- _Record set_
═══

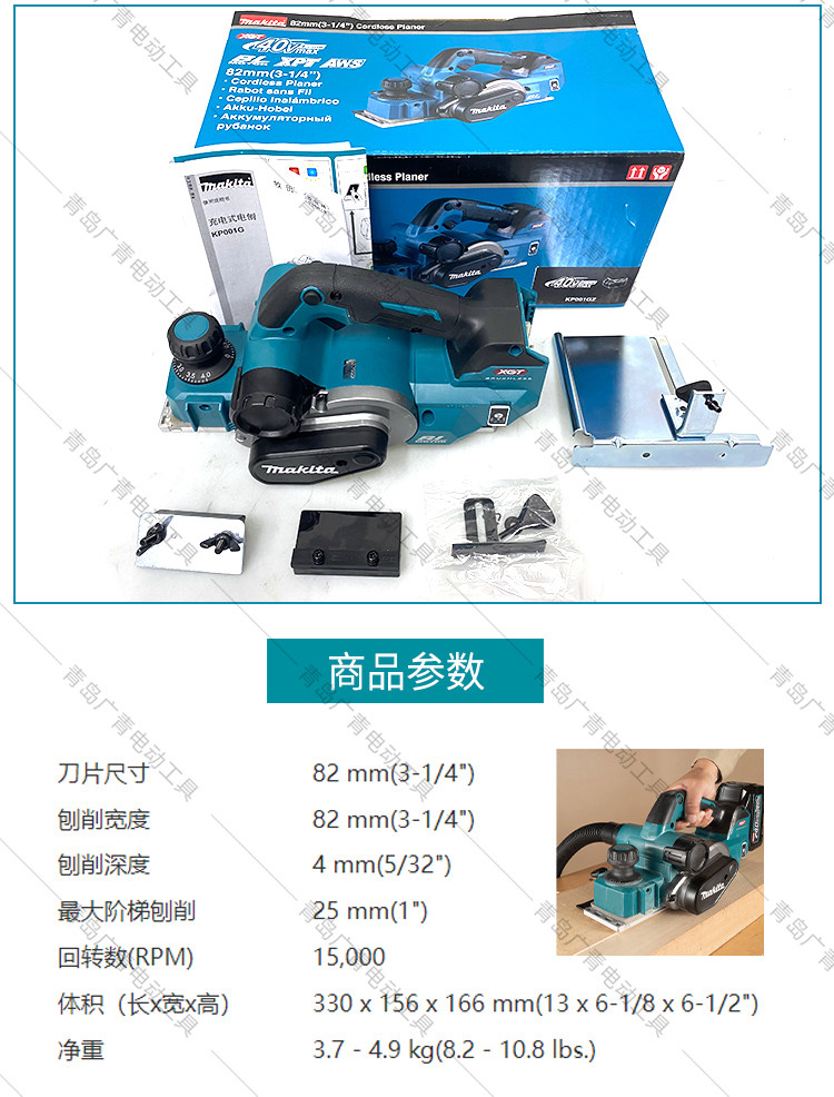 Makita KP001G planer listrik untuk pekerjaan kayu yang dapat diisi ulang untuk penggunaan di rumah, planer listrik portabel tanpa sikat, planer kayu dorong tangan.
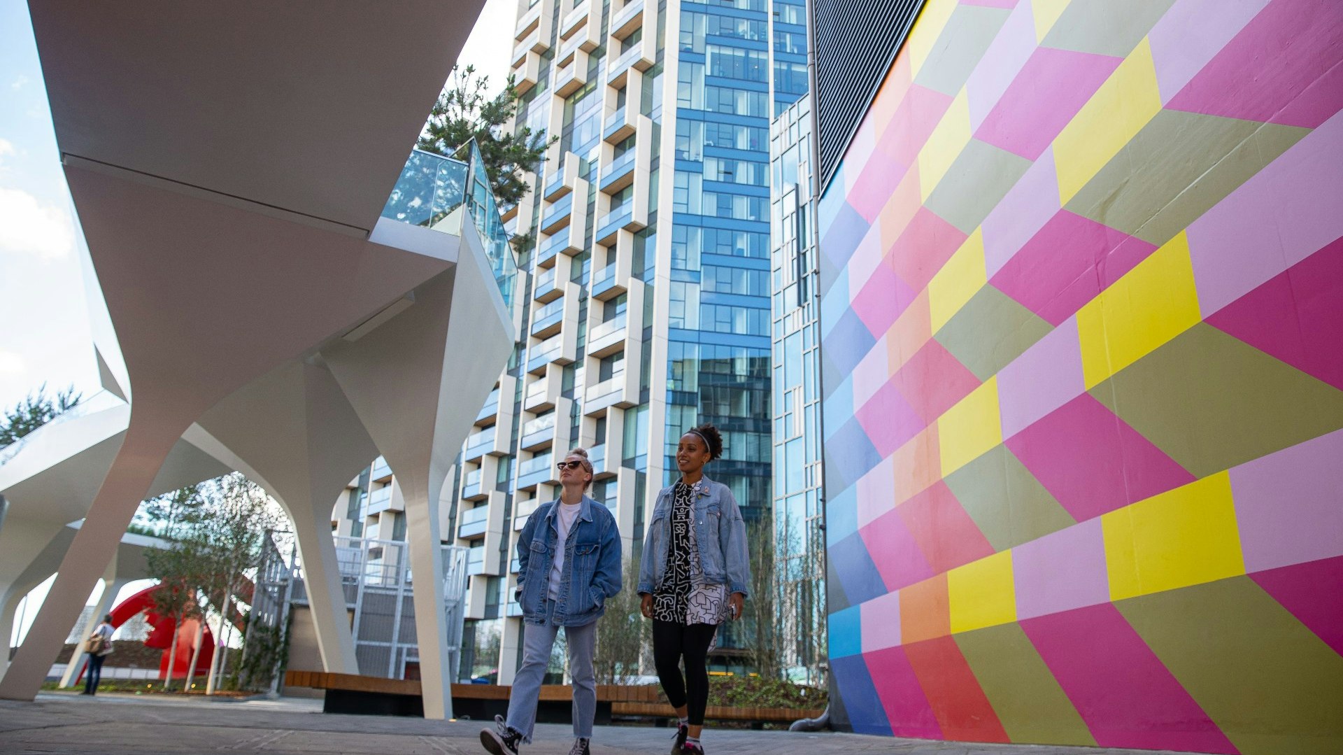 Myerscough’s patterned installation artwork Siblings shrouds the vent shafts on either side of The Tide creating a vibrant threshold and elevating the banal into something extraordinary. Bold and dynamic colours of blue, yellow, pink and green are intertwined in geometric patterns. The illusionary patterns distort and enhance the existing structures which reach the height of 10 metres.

═══

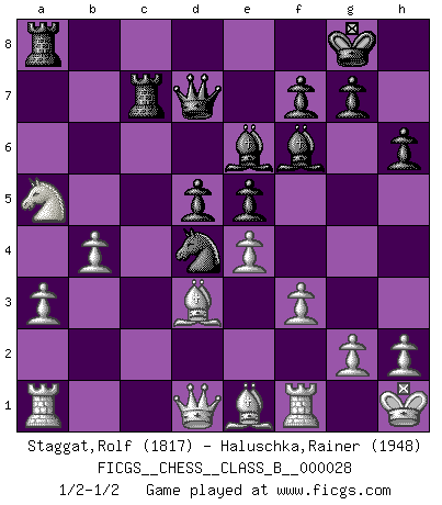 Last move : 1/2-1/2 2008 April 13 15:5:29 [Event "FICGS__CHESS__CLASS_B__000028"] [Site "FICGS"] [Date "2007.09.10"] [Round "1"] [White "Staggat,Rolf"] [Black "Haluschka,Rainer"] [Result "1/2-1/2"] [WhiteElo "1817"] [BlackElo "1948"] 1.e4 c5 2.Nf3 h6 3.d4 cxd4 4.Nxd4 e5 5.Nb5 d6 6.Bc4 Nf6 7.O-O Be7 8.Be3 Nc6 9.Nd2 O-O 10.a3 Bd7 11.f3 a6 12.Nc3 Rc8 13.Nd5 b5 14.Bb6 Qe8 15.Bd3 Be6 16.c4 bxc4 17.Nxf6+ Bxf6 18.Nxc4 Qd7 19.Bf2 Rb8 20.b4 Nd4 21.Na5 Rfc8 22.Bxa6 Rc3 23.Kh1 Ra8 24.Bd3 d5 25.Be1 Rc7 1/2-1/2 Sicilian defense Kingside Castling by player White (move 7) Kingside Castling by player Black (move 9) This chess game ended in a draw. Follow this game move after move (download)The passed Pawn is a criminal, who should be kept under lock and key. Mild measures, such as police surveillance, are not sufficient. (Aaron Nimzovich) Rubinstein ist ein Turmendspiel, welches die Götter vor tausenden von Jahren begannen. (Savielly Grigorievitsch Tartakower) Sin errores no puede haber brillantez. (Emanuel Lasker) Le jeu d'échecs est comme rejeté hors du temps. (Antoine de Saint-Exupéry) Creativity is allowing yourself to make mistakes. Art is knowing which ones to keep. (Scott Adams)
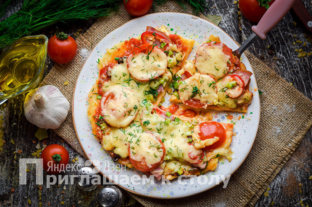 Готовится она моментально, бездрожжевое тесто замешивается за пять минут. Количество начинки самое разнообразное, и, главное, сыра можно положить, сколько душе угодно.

═══

- _Assignment_
Write back word for word every line in the entries above from the one with "Makita KP001G planer" to the one with "Myerscough’s patterned installation", ends included, and none of the pictures.

- _Response for this exercise_
 Makita KP001G planer listrik untuk pekerjaan kayu yang dapat diisi ulang untuk penggunaan di rumah, planer listrik portabel tanpa sikat, planer kayu dorong tangan.
 Myerscough’s patterned installation artwork Siblings shrouds the vent shafts on either side of The Tide creating a vibrant threshold and elevating the banal into something extraordinary. Bold and dynamic colours of blue, yellow, pink and green are intertwined in geometric patterns. The illusionary patterns distort and enhance the existing structures which reach the height of 10 metres.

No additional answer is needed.